## Data provided
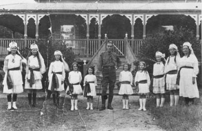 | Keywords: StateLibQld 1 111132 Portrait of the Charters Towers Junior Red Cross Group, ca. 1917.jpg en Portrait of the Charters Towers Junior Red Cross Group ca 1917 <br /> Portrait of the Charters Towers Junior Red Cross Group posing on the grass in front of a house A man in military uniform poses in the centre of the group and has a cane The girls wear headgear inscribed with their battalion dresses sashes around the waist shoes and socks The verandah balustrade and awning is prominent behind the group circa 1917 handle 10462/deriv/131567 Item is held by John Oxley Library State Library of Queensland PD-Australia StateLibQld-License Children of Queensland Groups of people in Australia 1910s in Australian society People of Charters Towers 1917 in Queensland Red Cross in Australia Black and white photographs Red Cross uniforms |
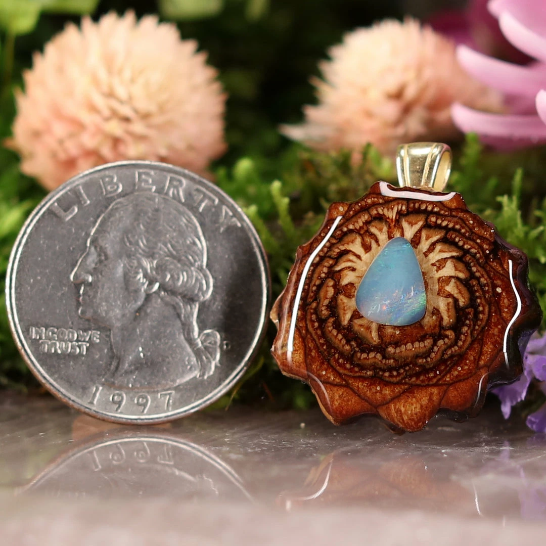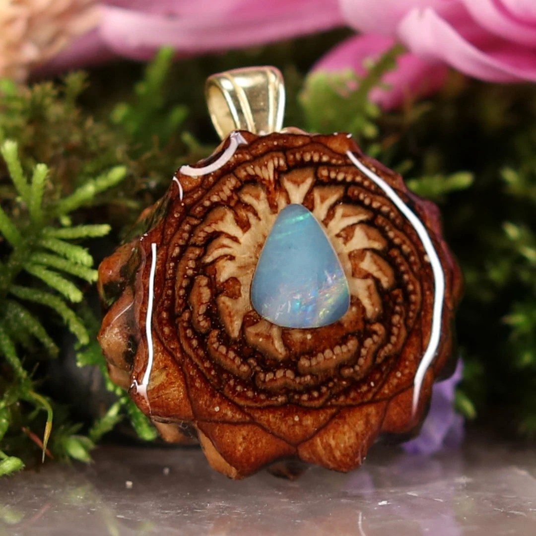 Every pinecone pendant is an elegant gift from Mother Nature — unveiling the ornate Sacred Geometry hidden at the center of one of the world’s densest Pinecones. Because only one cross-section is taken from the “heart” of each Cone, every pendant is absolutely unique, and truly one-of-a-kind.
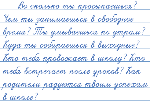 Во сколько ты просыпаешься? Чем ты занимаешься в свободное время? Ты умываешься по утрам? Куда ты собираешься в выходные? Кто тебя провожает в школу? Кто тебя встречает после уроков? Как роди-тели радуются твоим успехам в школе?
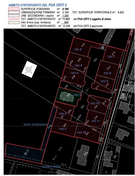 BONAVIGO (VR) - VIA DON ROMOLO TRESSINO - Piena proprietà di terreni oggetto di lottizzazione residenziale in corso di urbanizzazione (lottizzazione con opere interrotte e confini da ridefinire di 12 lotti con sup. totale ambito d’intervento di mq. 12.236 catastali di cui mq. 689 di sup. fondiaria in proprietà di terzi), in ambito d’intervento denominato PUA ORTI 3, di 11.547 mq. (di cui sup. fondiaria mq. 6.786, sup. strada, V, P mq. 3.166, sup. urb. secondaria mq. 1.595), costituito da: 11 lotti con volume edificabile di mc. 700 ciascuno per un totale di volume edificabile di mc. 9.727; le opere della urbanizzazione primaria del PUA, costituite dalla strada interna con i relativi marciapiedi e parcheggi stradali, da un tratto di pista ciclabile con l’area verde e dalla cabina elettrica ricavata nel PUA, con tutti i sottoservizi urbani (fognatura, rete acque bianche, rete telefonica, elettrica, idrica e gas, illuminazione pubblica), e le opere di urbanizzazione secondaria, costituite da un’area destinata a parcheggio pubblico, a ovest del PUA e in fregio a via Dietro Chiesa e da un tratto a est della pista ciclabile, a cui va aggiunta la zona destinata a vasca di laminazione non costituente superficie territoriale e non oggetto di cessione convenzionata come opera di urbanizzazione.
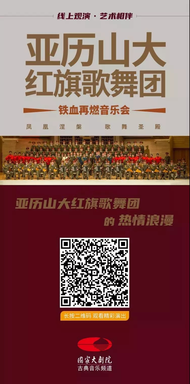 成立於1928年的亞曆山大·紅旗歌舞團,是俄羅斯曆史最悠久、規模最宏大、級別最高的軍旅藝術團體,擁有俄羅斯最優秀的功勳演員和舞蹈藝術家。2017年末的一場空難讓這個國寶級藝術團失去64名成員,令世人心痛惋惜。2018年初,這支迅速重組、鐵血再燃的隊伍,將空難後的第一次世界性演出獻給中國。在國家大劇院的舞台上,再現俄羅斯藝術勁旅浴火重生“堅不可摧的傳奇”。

## Work item
From the opening line of the entries above to the line containing "Во сколько ты", please transcribe each line exactly, skipping every picture.

## Result of this task
 | Keywords: StateLibQld 1 111132 Portrait of the Charters Towers Junior Red Cross Group, ca. 1917.jpg en Portrait of the Charters Towers Junior Red Cross Group ca 1917 <br /> Portrait of the Charters Towers Junior Red Cross Group posing on the grass in front of a house A man in military uniform poses in the centre of the group and has a cane The girls wear headgear inscribed with their battalion dresses sashes around the waist shoes and socks The verandah balustrade and awning is prominent behind the group circa 1917 handle 10462/deriv/131567 Item is held by John Oxley Library State Library of Queensland PD-Australia StateLibQld-License Children of Queensland Groups of people in Australia 1910s in Australian society People of Charters Towers 1917 in Queensland Red Cross in Australia Black and white photographs Red Cross uniforms |
 Every pinecone pendant is an elegant gift from Mother Nature — unveiling the ornate Sacred Geometry hidden at the center of one of the world’s densest Pinecones. Because only one cross-section is taken from the “heart” of each Cone, every pendant is absolutely unique, and truly one-of-a-kind.
 Во сколько ты просыпаешься? Чем ты занимаешься в свободное время? Ты умываешься по утрам? Куда ты собираешься в выходные? Кто тебя провожает в школу? Кто тебя встречает после уроков? Как роди-тели радуются твоим успехам в школе?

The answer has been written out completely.